Jest to o tyle ważne na przyszłość, bo na koniec 2013 r. przestanie obowiązywać samorządy 60-procentowy wskaźnik zadłużenia w stosunku do wielkości budżetu. Zastąpi go indywidualny wskaźnik zadłużenia, powiązany z nadwyżką operacyjną. ? W Bydgoszczy nie ma zagrożenia, że wskaźnik ten zostanie przekroczony. W wyniku podjętych wcześniej działań zmierzających do naprawy finansów miasta, Bydgoszcz zachowa zdolność do udziału w nowej perspektywie unijnej, co jest gwarancją rozwoju miasta. Jednocześnie zachowaliśmy zdolność kredytową, mamy dobre ratingi. Nowe wskaźniki dają nam szansę na to, żeby mieć prawo do zaciągnięcia kredytów i tym samym możliwości inwestowania na większą skalę. To jest nadrzędny cel miasta: rozwój poprzez inwestycje ? zaznaczył skarbnik Piotr Tomaszewski.

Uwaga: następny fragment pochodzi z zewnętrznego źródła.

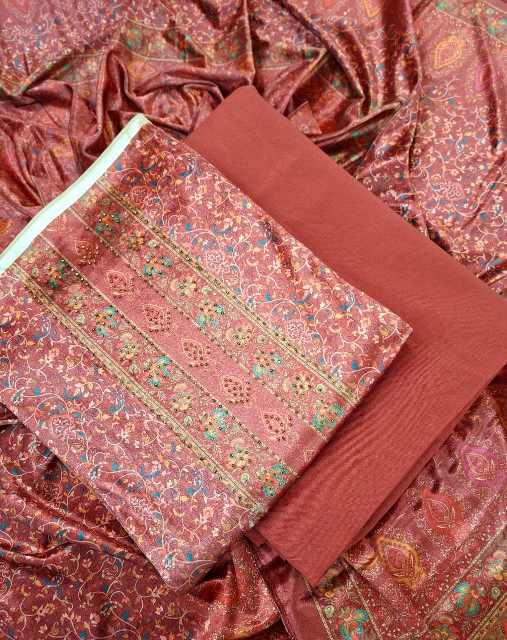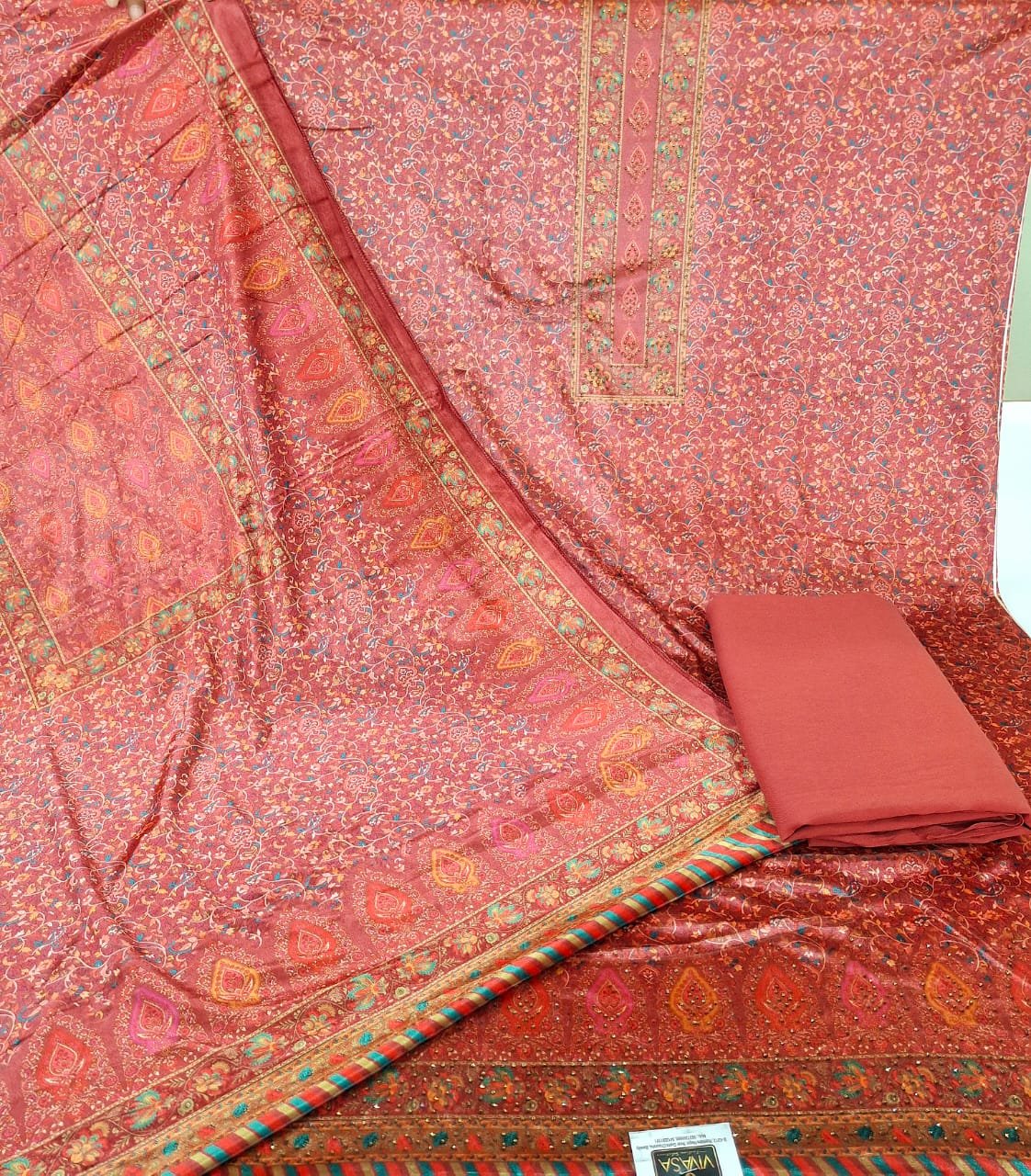 Velvet woollen printed suit with woollen bottom and velvet stall..

Skarbnik Piotr Tomaszewski zaznaczył, że znakomite wyniki w realizacji uchwalonego przez Radę Miasta budżetu wymagały dużego wysiłku służb finansowych, ale podkreślił również istotną rolę prezydenta miasta w tym działaniu. – Racjonalizm prezydenta Bruskiego jest czymś rzadkim, nawet patrząc na biznes, z którym przedtem miałem do czynienia – zaświadczył Piotr Tomaszewski.